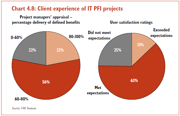4.54 Most (75 per cent) of these projects were regarded as fulfilling or exceeding user expectations. However, only 22 per cent of projects were, according to managers, delivering 80 to 100 per cent of defined programme benefits (see Chart 4.8). This is in line with the result obtained in the Standish Group's survey of IT outsourcing.
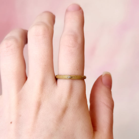 "Bobbi" in her classic form is a 14k yellow gold textured ring (1.70 grams) featuring 1 white diamond (0.020 carats, F color, SI1 clarity). A golden classic with just the right hint of sparkle!
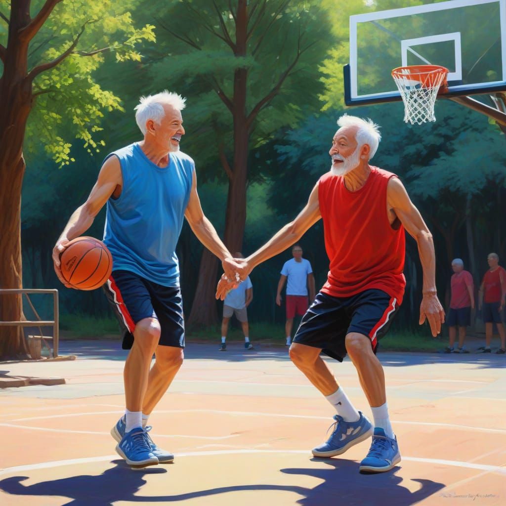 This image shows two elderly men joyfully playing basketball at sunset. The scene captures a sense of energy and defiance against age, depicted with thick brush strokes in an expressionist style.
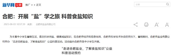 2023年7月,合肥鹽業(yè)自1950年成立以來首次對(duì)外開放,面向全市中小學(xué)生,開展“鹽”學(xué)之旅,食鹽科普游活動(dòng),活動(dòng)內(nèi)容包括參觀60年歷史的鐵路專用線、省市食鹽儲(chǔ)備倉庫,食鹽健康科普講座,7月份接待來自國內(nèi)外7所中小學(xué)校170名學(xué)生和家長,8月份已預(yù)約8場食鹽科普游。

□ □ □ □ □ □ □

Required work => Please copy exactly the lines from the one that contains "This image shows" through the last line of the listing above, leaving out the pictures.

The completed task =>
 This image shows two elderly men joyfully playing basketball at sunset. The scene captures a sense of energy and defiance against age, depicted with thick brush strokes in an expressionist style.
 2023年7月,合肥鹽業(yè)自1950年成立以來首次對(duì)外開放,面向全市中小學(xué)生,開展“鹽”學(xué)之旅,食鹽科普游活動(dòng),活動(dòng)內(nèi)容包括參觀60年歷史的鐵路專用線、省市食鹽儲(chǔ)備倉庫,食鹽健康科普講座,7月份接待來自國內(nèi)外7所中小學(xué)校170名學(xué)生和家長,8月份已預(yù)約8場食鹽科普游。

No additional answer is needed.